_What is required_
Although the records contain pictures, print none of them; print exactly the lines from the one with "Create a visually" through the last line.

_Data extract_
◆ ◆ ◆ ◆ ◆ ◆ ◆
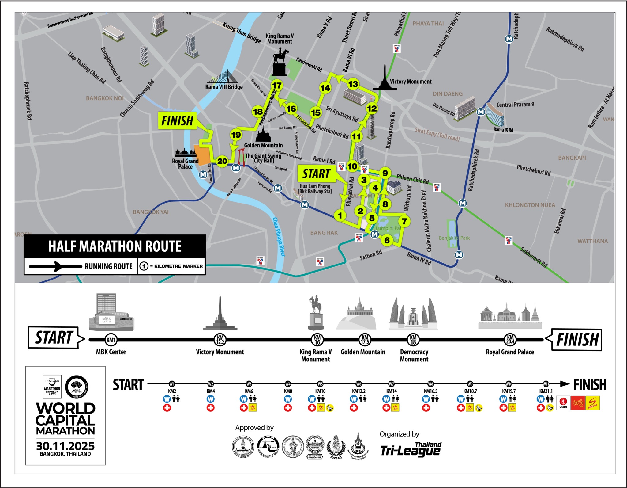 จุดปล่อยตัว: หน้าเอ็มบีเค เซ็นเตอร์ ถนนพญาไท เขตปทุมวัน (42.195 กม. / 21.1 กม.) – ท้องสนามหลวง ถนนราชดำเนินใน เขตพระนคร
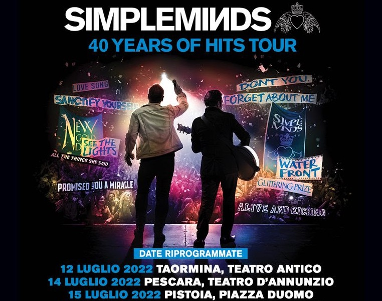 Riprogrammato per l’estate 2022 il “40 Years of Hits Tour” dei Simple Minds in Italia. Live Nation conferma le nuove date nelle stesse città nelle quali la band si sarebbe dovuta già esibire nel 2020 con il tour celebrativo della loro carriera, fermato per le restrizioni imposte dall’emergenza coronavirus e quindi riprogrammato nel 2021, fino a quando non è stato necessario l’ulteriore posticipo alla prossima estate. I biglietti già acquistati rimangono validi per le nuove date nel luglio 2022 e le prevendite sono aperte su Ticketone, Ticketmaster e Vivaticket.
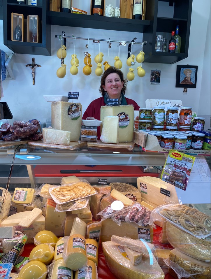 Diese freundliche Laden-Inhaberin hat mir hausgemachte Teigwaren, geräuchten Mozzarella und Würste aller Art angeboten.
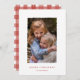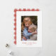 Skicka lite glädje med det här enkla, moderna julkortet som innehåller ett deckle-foto kant ram och en handmålad rödfärgad bakgrund på motsatt sida.
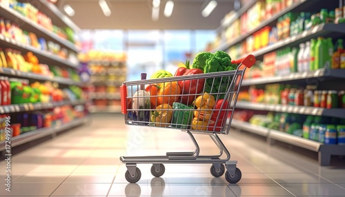 Shopping cart in supermarket aisle with groceries and red trolley
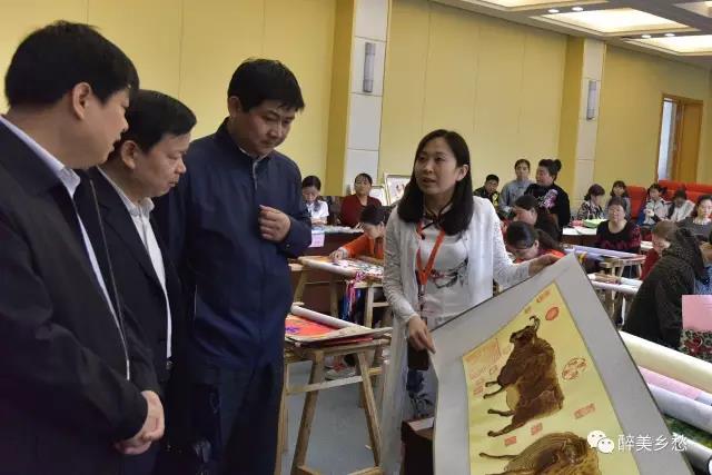 唐利如副厅长、党怀兴副校长一行来到学员作品展位前,一边欣赏学员作品,一边与学员们亲切交谈,学员们跟据这一个月所学到的知识,向领导们汇报每件绣品的内涵、寓意、价值和意义,并手把手地向前来参观的大学生丶教师丶离退休老干部等传授刺绣技艺,显示了充分的文化自信和自觉。
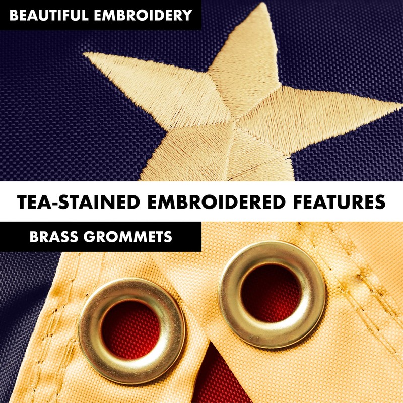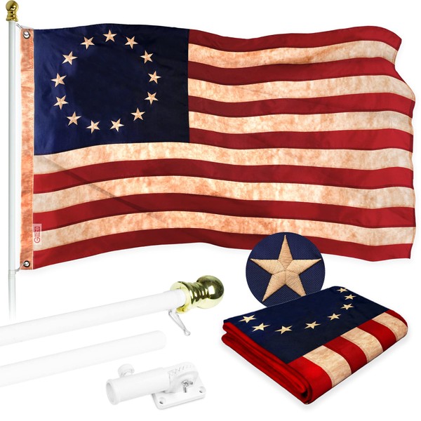 - DELUXE PACKAGE: G128 is including a Betsy Ross Tea Stained 3x5 Ft flag with brass grommets for this deluxe flag and flagpole package!
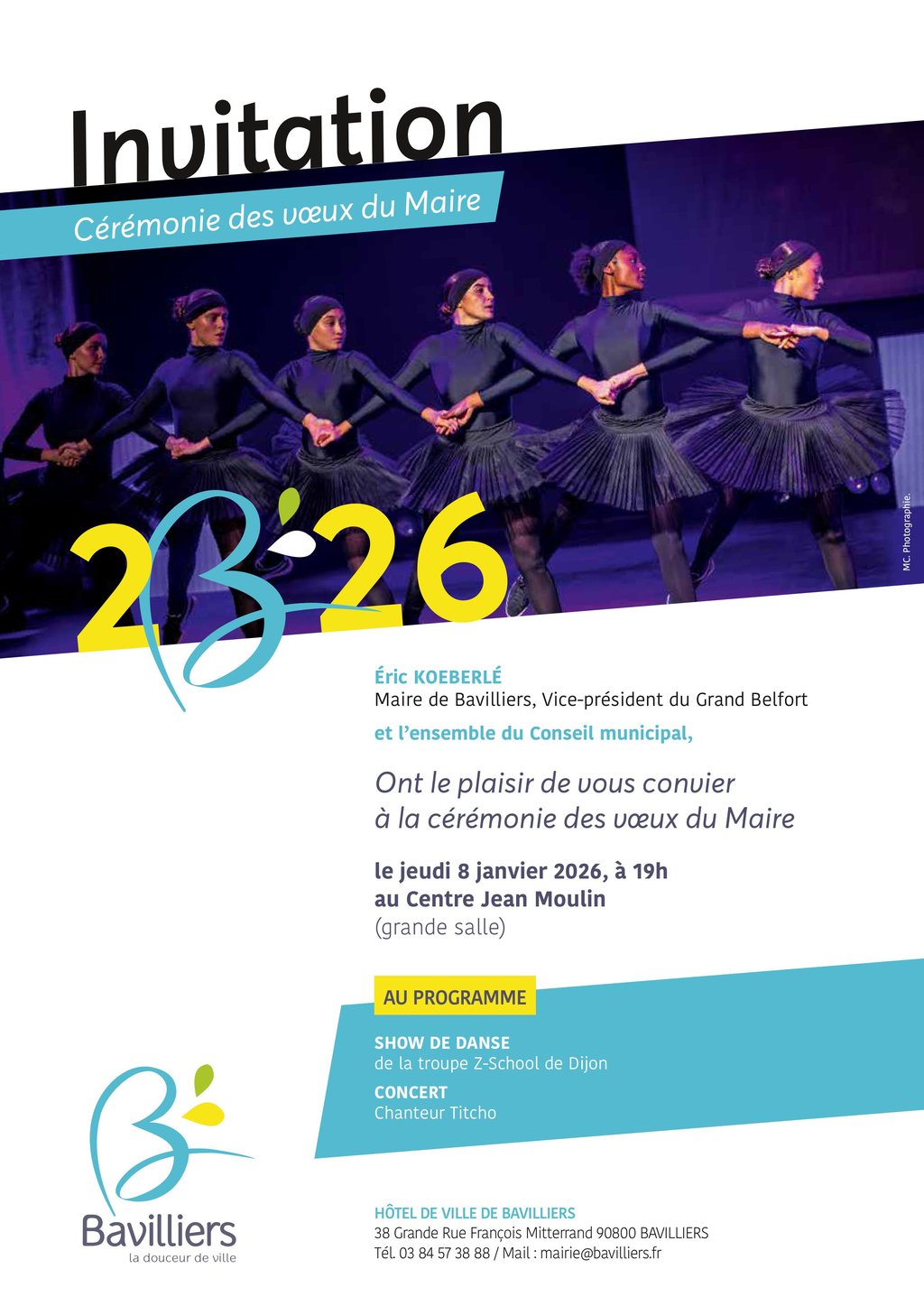 Éric Koeberlé, Maire de Bavilliers et Vice-président du Grand Belfort, ainsi que l’ensemble du Conseil municipal, ont le plaisir de vous convier à la Cérémonie des vœux du Maire 2026.
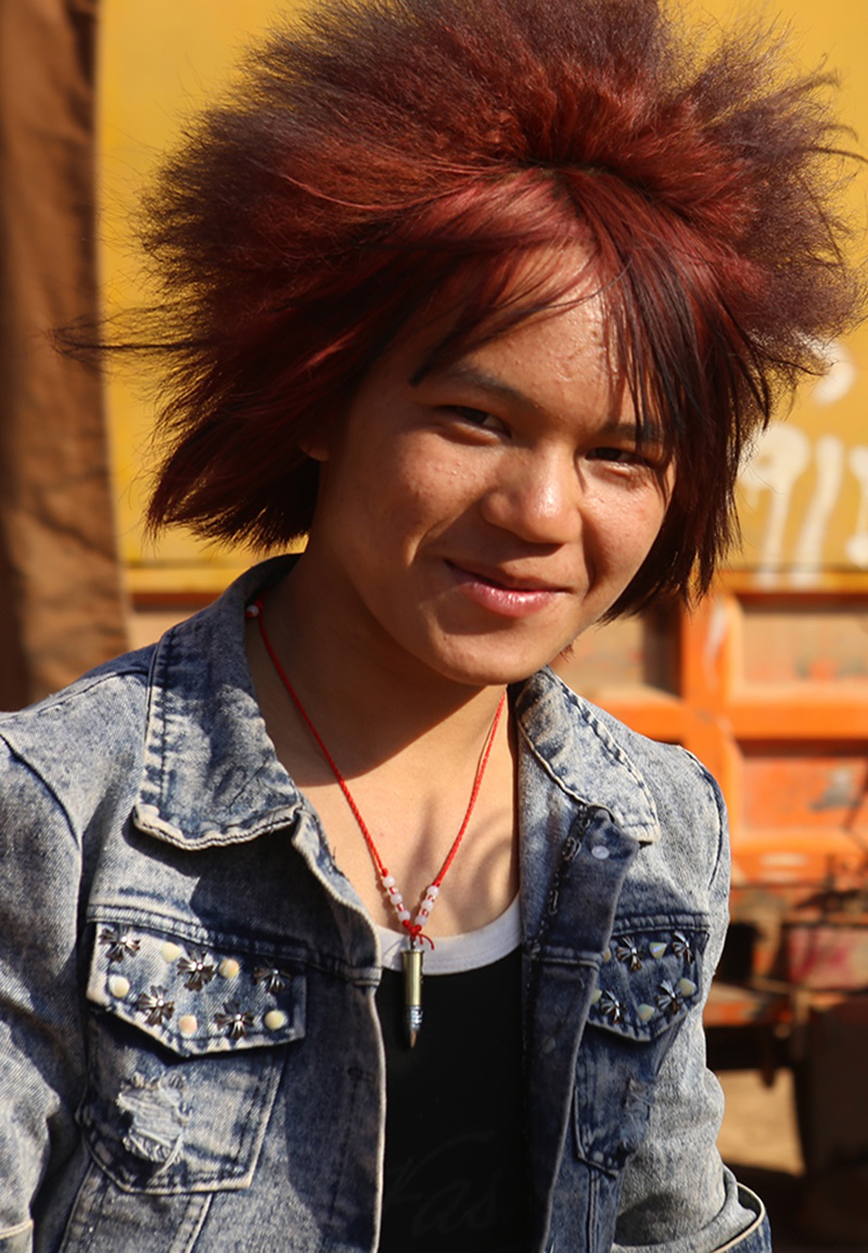 與女性不一樣,這里的男性不講究穿苗服。大多數(shù)苗族年輕男子如今都在城里打工,他們更愿意展現(xiàn)自己個(gè)性時(shí)髦的一面,印有外文字母的休閑衣服受到格外的歡迎。新潮的西服皮鞋,嬉皮的休閑牛仔,紋身,墨鏡,耳釘,項(xiàng)鏈……我發(fā)現(xiàn)幾乎所有的年輕男子都會(huì)在自己的頭發(fā)上做點(diǎn)文章,而今年的潮流似乎偏向夸張的美感。
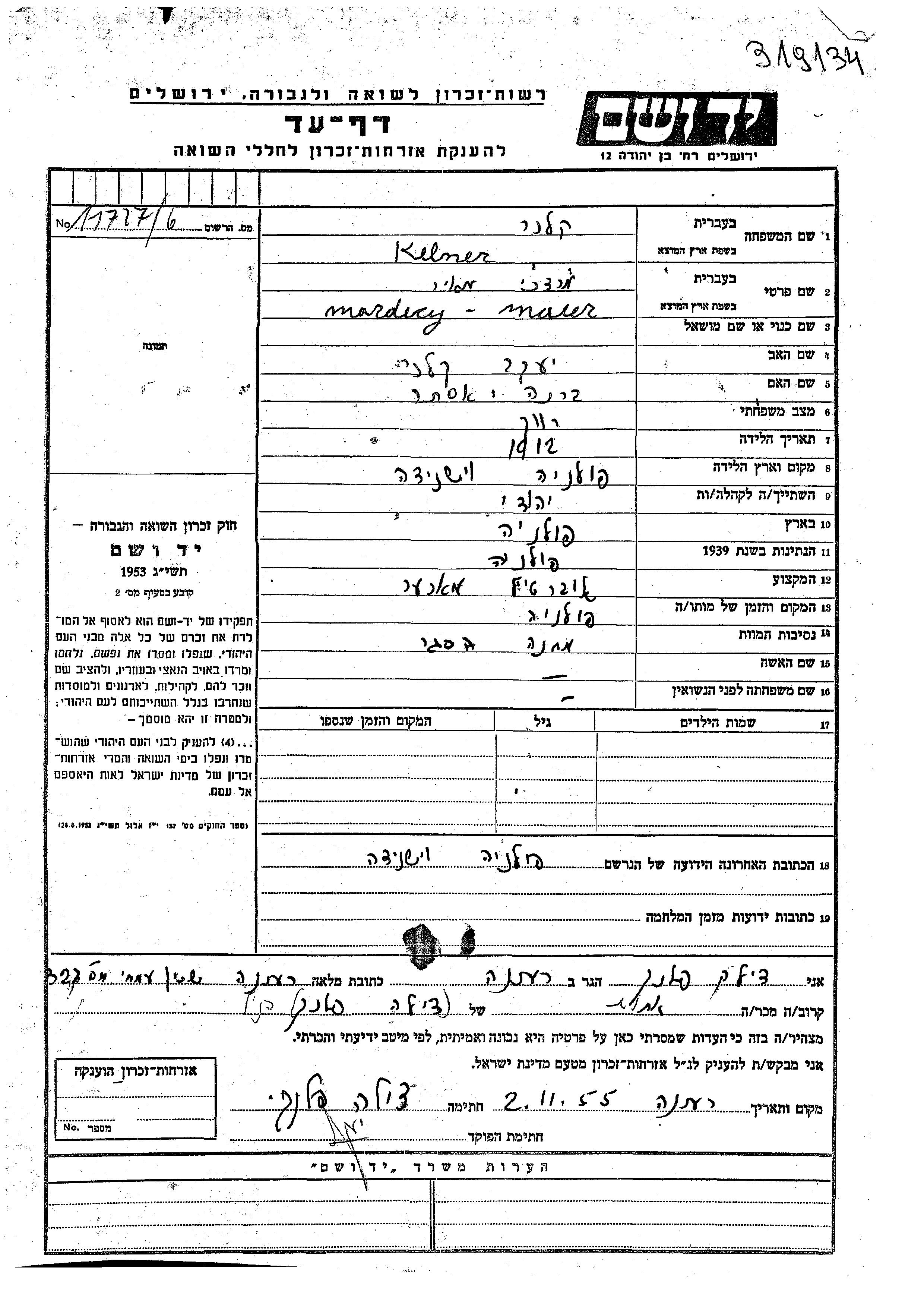 Mordecy Mair Kelner Klaner nació en Wisnice, Polonia en 1912, hijo de Yaakov y Brana Ester. Era אובערטייל מאכער. Antes de la segunda guerra mundial vivía en Wisnice, Polonia. Durante la guerra estuvo en Wisnice, Polonia.
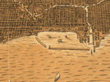 This magnificent bird's eye perspective reveals the complete transformation of Chicago following the devastating 1871 fire. Where the 1868 view showed densely-packed wooden buildings, this 1892 panorama displays a modern city rebuilt with fireproof materials—towering commercial blocks, grand hotels, impressive civic buildings, and the emerging skyline of early skyscrapers that would define Chicago's architectural legacy. The rebuilt downtown core spreads inland from Lake Michigan's shoreline with wider streets, improved infrastructure, and the confident architecture of a city determined to prove its resilience. The harbor bustles with even greater activity than before, reflecting Chicago's growth as America's second-largest city and transportation hub. The precious 1832 inset in the corner provides stunning perspective—showing the modest frontier outpost of log cabins and dirt paths that would become one of the world's great cities within a single lifetime.
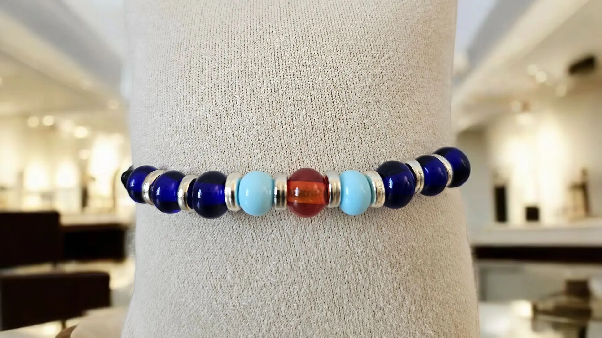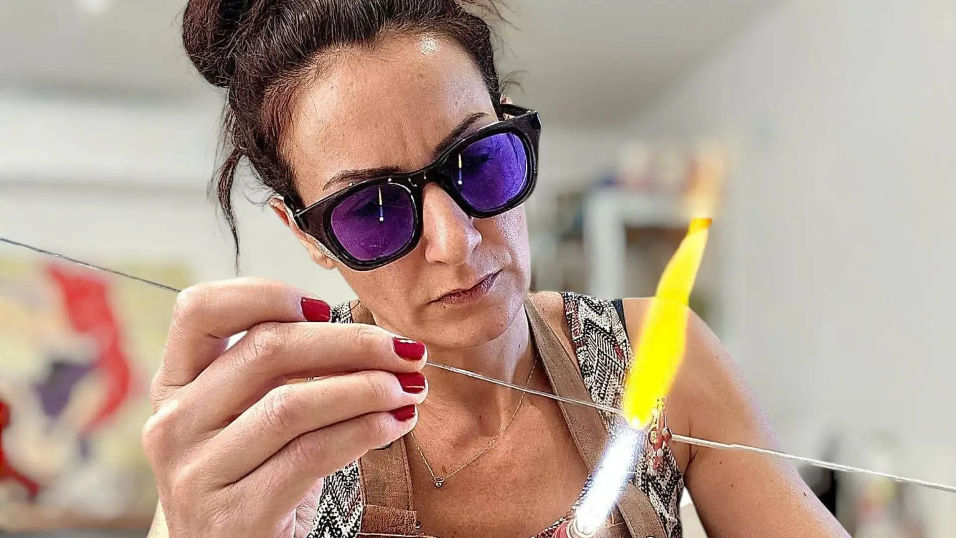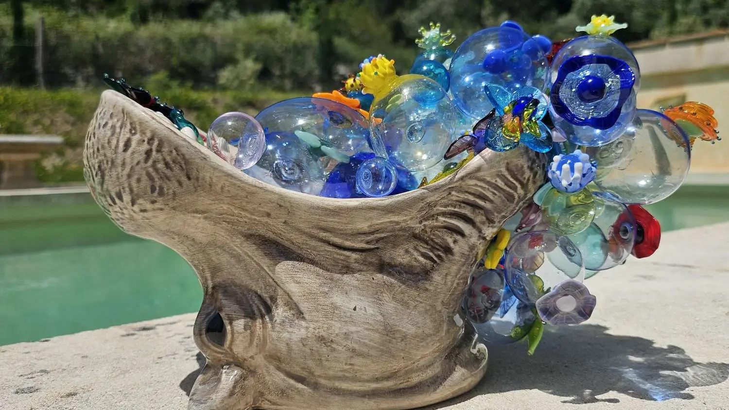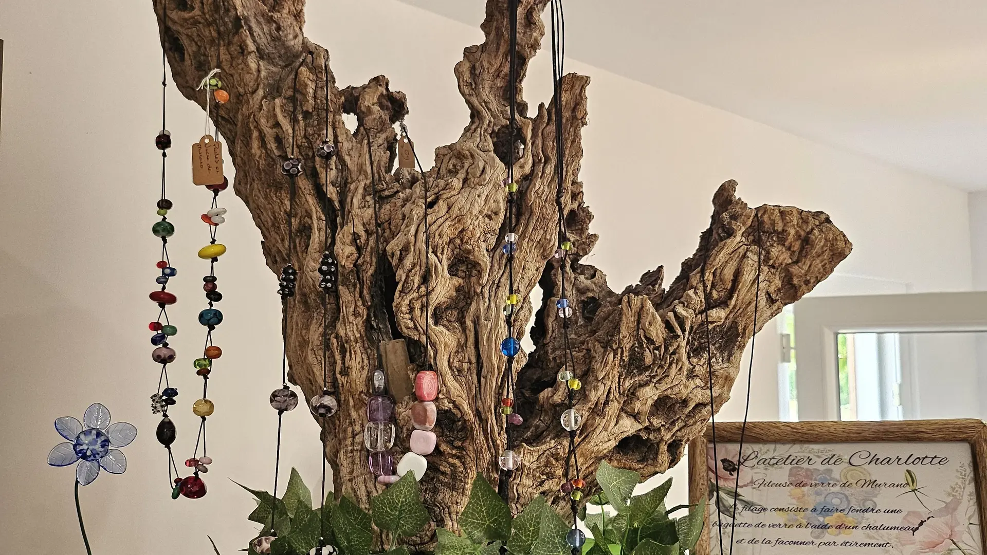 Mon atelier est à Figanières, je travaille le verre à la flamme à l’aide de mon chalumeau pour créer bijoux (boucles d'oreilles, bagues, bracelets, colliers) et objets de décoration.
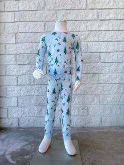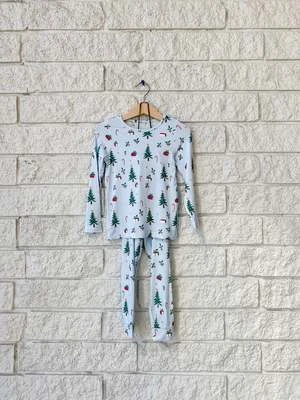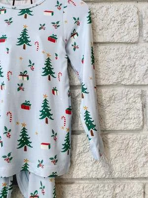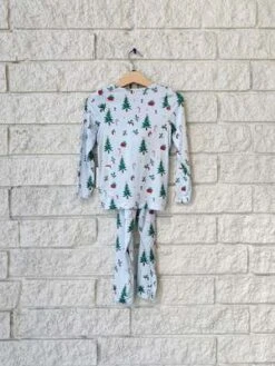 The Pink Chicken Kids Bamboo Pj Set in Holiday Cheer is an adorable holiday pajama set. Featuring Christmas tress along the bodice. These pajamas are lightweight and are perfect for the holiday season.
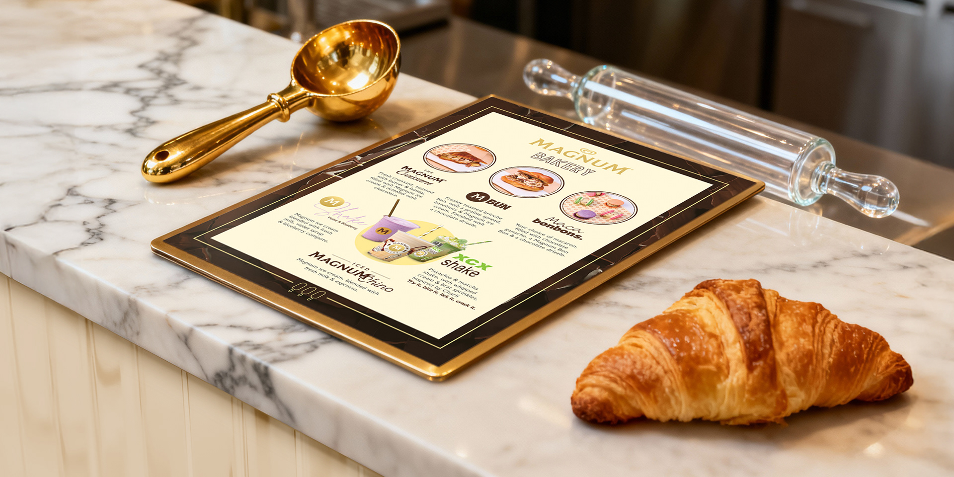 Create a visually compelling and irresistible concept—the 'Trending Treats Bakery'—and produce initial mock-ups and a pitch deck strong enough to secure immediate buy-in from internal stakeholders at the Global Magnum Brand Team.
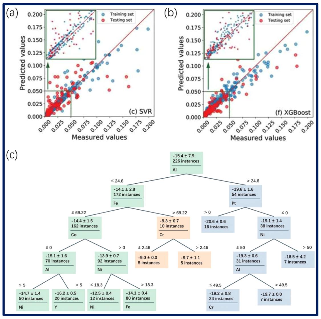 SVR、XGBoost、决策树算法预测高熵合金腐蚀速率的性能对比
◆ ◆ ◆ ◆ ◆ ◆ ◆
_Reply_
 Create a visually compelling and irresistible concept—the 'Trending Treats Bakery'—and produce initial mock-ups and a pitch deck strong enough to secure immediate buy-in from internal stakeholders at the Global Magnum Brand Team.
 SVR、XGBoost、决策树算法预测高熵合金腐蚀速率的性能对比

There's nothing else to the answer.